Monday, August 6, 2012

Will they ever learn?

It was nearly 10 years ago that Senator Paul Wellstone and several others died in a tragic plane crash, and it was at his memorial service a few days later that Minnesota's DFLers pretty much ensured the election of Republican Norm Coleman as Wellstone's successor.

They did so with an incredibly tasteless display at the service, which they turned into a big pep rally for Walter Mondale, the replacement candidate for Wellstone. They booed Wellstone's Republican senate colleagues who had traveled across the country for the service. They led loud cheers for DFL candidates and pretty much made asses of themselves at what should have been a solemn occasion.

The backlash was big and immediate. Most Minnesotans are able to separate partisan politics from the events of everyday life, and they were turned off by the partisan tone of the service. Coleman went on to hand Mondale the only electoral defeat of Wally's career a few days later, largely because of the way Democrats behaved at the memorial.

Less than 10 years later, the Democrats demonstrated that they leaned nothing from that debacle. Saturday, at the unveiling of a statue of Hubert Humphrey near the State Capitol, they turned the event into another partisan pep rally.

The old intern mentor himself, Bill Clinton, showed up and used his speaking platform to decry Voter ID laws. (Because, you know, Hubert would have been in favor of voter fraud.)

Not to be outdone, the Senate's dimmest wit, Al Franken, got up and gave a little speech in favor of gay marriage, somehow linking Hubert's opposition to racial segregation to the effort to rewrite several thousand years of the Judeo-Christian understanding of marriage.

Clinton, Franken and others were remarkably tasteless in using an event designed to honor Hubert as a platform for their own political grievances. Which makes you wonder how they can be so tone-deaf and socially clumsy.
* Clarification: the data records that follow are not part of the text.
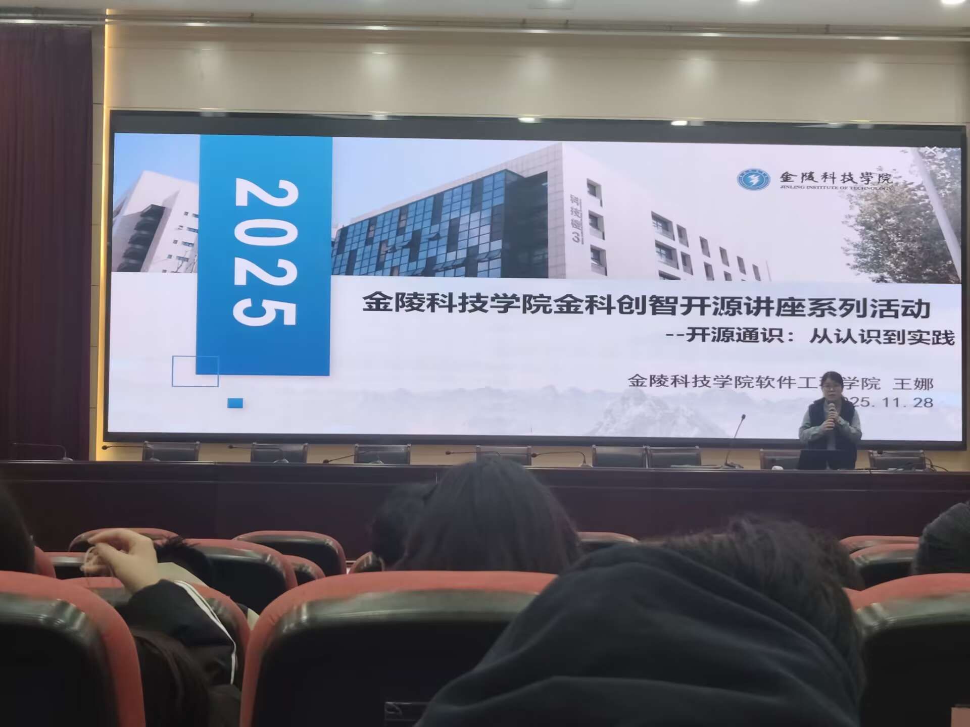 徐秀云老师清晰拆解开源核心知识,界定开源本质是开放源代码供他人自由查看、使用、修改与分发,且需遵循特定开源许可证规范。她以Linux内核为案例,展现开源生态进化:1991年初版由Linus Torvalds个人开发,仅1万行代码;2025年6.14版本已达4000万行代码,拥有2.3万全球贡献者,直观呈现开源从个人创作到全球协同的生态价值。她还梳理了1960-1980年代初开源“史前时代”,回顾MIT、贝尔实验室早期软件共享氛围,以及Unix闭源与自由软件运动的行业背景,帮助师生构建完整知识体系。针对参与价值与入门路径,她强调开源能转化课本知识、提升求职竞争力、培养协作思维,并分享修改文档错别字、修复简单bug等新手友好型参与方式,搭配“Good First Issues”网站使用技巧,降低入门门槛。王娜老师明确系列活动核心定位,称其是学院深化产教融合的重要举措,旨在联动行业顶尖机构,弥补课堂教学与产业实践的衔接空白。首期聚焦“认知与实践”帮助学生建立基础认知,后续将围绕开源生态深化、项目实战进阶等主题展开。她提到,活动策划始终以学生需求为核心,主题筛选、嘉宾邀请均经多轮调研,确保内容兼具专业性与实用性。
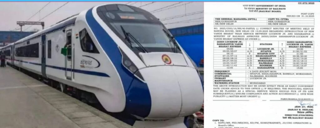 वंदे भारत एक्सप्रेस सहारनपुर से लखनऊ के बीच दौड़ेगी आमजन को मिली बड़ी सुविधा
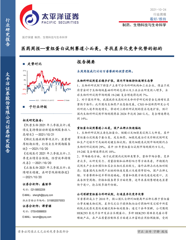 【太平洋证券】【20211024】医药周报:重组蛋白试剂赛道小而美,寻找差异化竞争优势的标的-23页
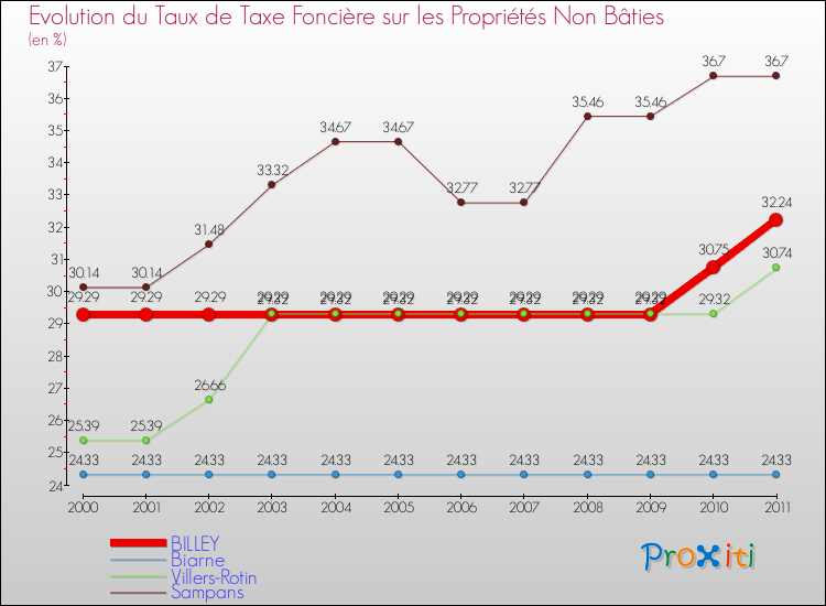 A noter : la valeur moyenne de ce taux de taxe foncière sur le non bâti dans les communes françaises similaires à Billey était de 25.53 %, en 2011.
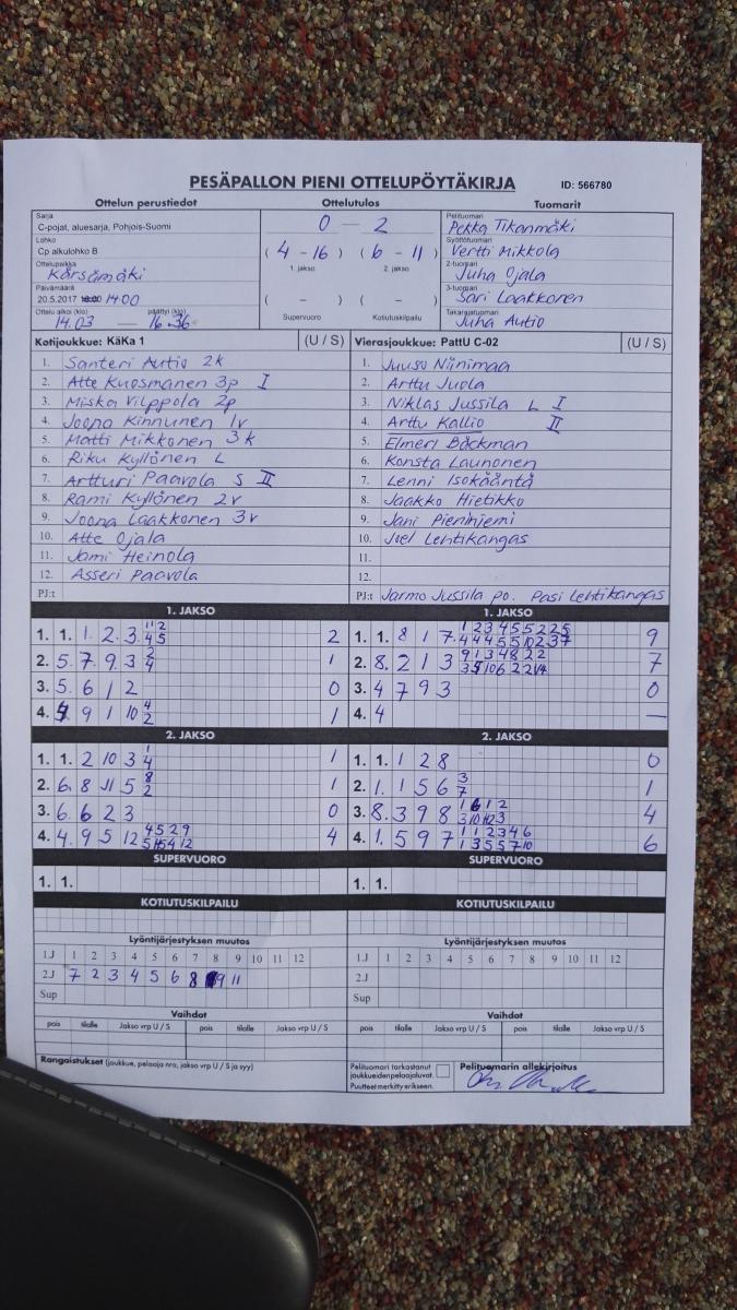 | 20.5.2017 | KäKa 1 | PattU C-02 | 0-2 (4-16, 6-11) | näytä | |

And the answer, I think, is found in the basic liberal mindset: That nothing important can happen without government.

Liberals believe - as demonstrated by the President recently telling business owners "You didn't build that" - that there is no higher power than government. Government is their church, it is their family, it is their reason for living, and because it's so omnipotent, no occasion can be inappropriate for partisan political talk.

Conservatives, on the other hand, tend to believe that government plays a much more limited role in ensuring life, liberty and the pursuit of happiness. And when you don't view partisan politics as the answer to every one of life's little problems, you tend to believe that there are some instances in which political grandstanding is inappropriate.

I never knew Hubert, but in my years working in the Senate I went out of my way to talk to a number of old-time staffers who had been around him, and the overall impression I got was that he was a heck of a guy. People loved him, and he loved people. Northwest flight attendants told me stories about him making the D.C.-Minneapolis flight without ever sitting down, because he loved spending those three hours meeting and engaging with people. His political "joy" was genuine.

Regardless of that, I think he would have been appalled to see Saturday's event turned into a partisan event, and to see that his party still hasn't learned anything about respect, grace and taste.

1 comment:

  1. During the '70s I worked for a Republican Senator from Michigan who because of his leadership responsibilities had to spend most of his time on the Senate floor, so I often represented him at events where we were seated aphabetically. That put me next to the (Democratic) Senator from Minnesota. I can assure you that your description of him is right on. He treated me as if I were a colleague rather than a lowly staffer. He really cared about people -- remember I was not a constituent, he needed absolutely nothing from me, but perhaps my respect, which he will have forever.